Raw data.
········

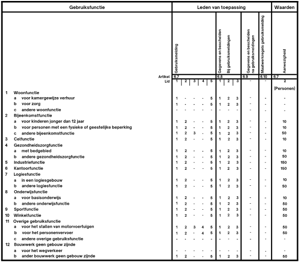 In bijgevoegde tabel geeft weer in welke gevallen een melding brandveilig gebruik moet worden gedaan.
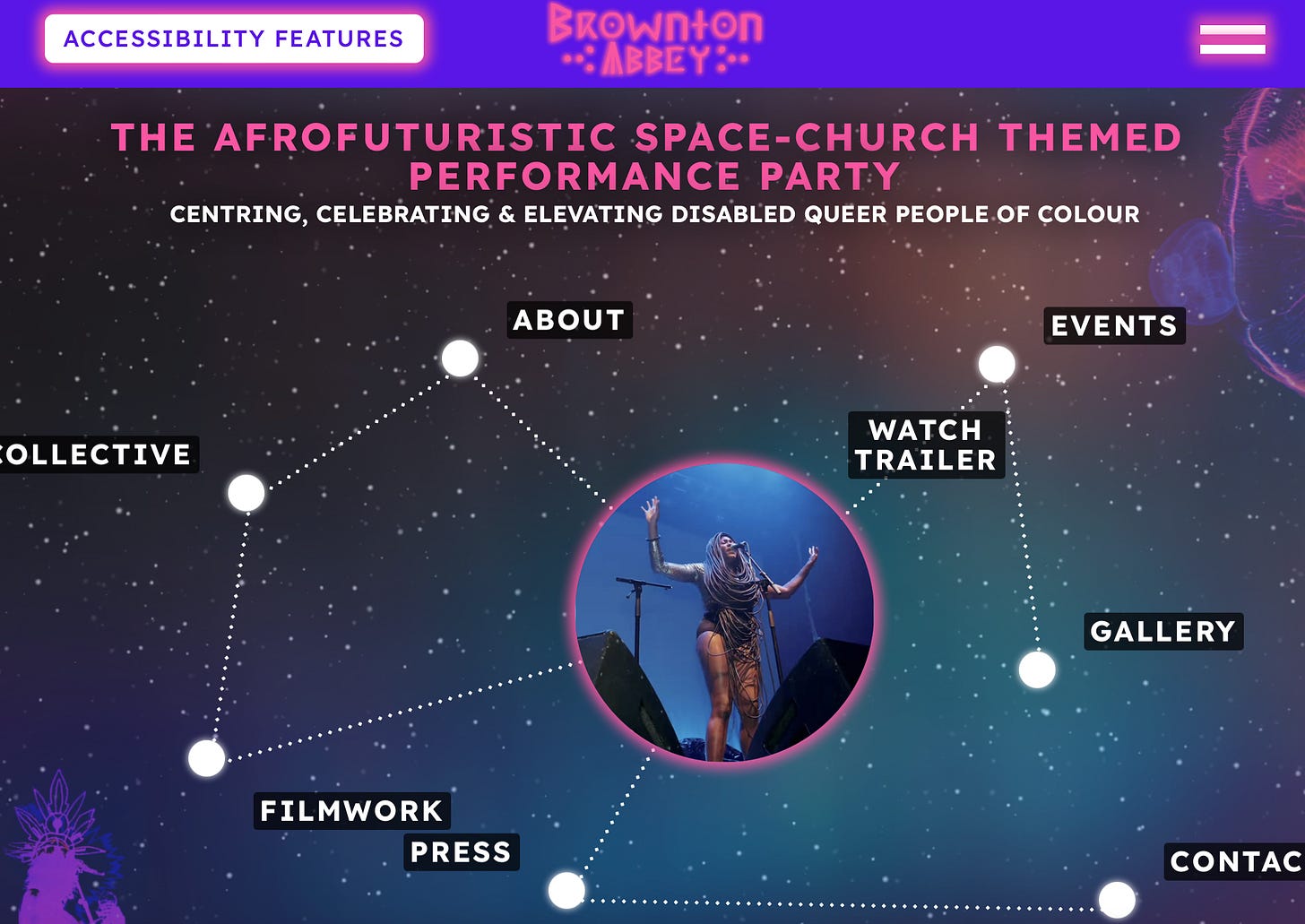 Elmoutawakilâs âcurrent public workâ is titled âBrownton Abbeyâ, an evolving Afro-Futures Performance Party that centres disabled QTIPOC (queer, trans and intersex People of Colour). Brownton Abbey reclaims and reinterprets QTIPOC spirituality and ritual, channelling it into an out-of-this-world, accessible party.â
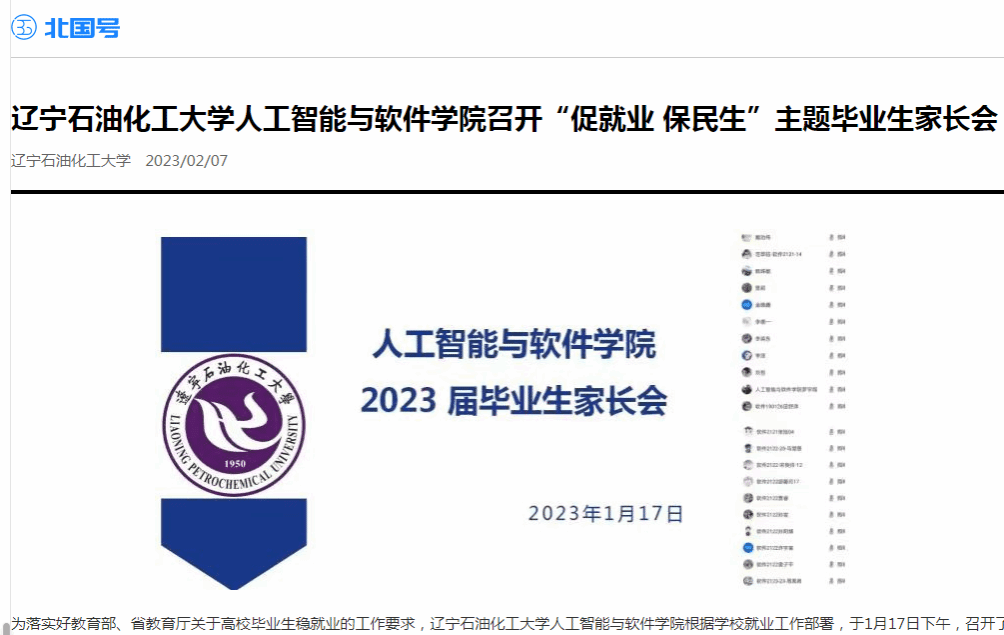 編者按:近日,遼寧日報·北國號、人民日報客戶端·人民號等媒體平臺對我校人工智能與軟件學院召開“促就業 保民生”主題畢業生家長會進行了宣傳報道。現將相關報道轉載如下:
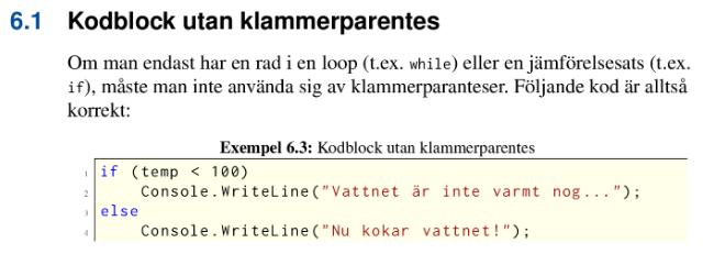 Som erfaren utvecklare avråder jag starkt från att utelämna klammerparenteserna. Det är väldigt lätt att introducera fel i sin kod.

········

Restate the whole listing above exactly, please, omitting every image.

 In bijgevoegde tabel geeft weer in welke gevallen een melding brandveilig gebruik moet worden gedaan.
 Elmoutawakilâs âcurrent public workâ is titled âBrownton Abbeyâ, an evolving Afro-Futures Performance Party that centres disabled QTIPOC (queer, trans and intersex People of Colour). Brownton Abbey reclaims and reinterprets QTIPOC spirituality and ritual, channelling it into an out-of-this-world, accessible party.â
 編者按:近日,遼寧日報·北國號、人民日報客戶端·人民號等媒體平臺對我校人工智能與軟件學院召開“促就業 保民生”主題畢業生家長會進行了宣傳報道。現將相關報道轉載如下:
 Som erfaren utvecklare avråder jag starkt från att utelämna klammerparenteserna. Det är väldigt lätt att introducera fel i sin kod.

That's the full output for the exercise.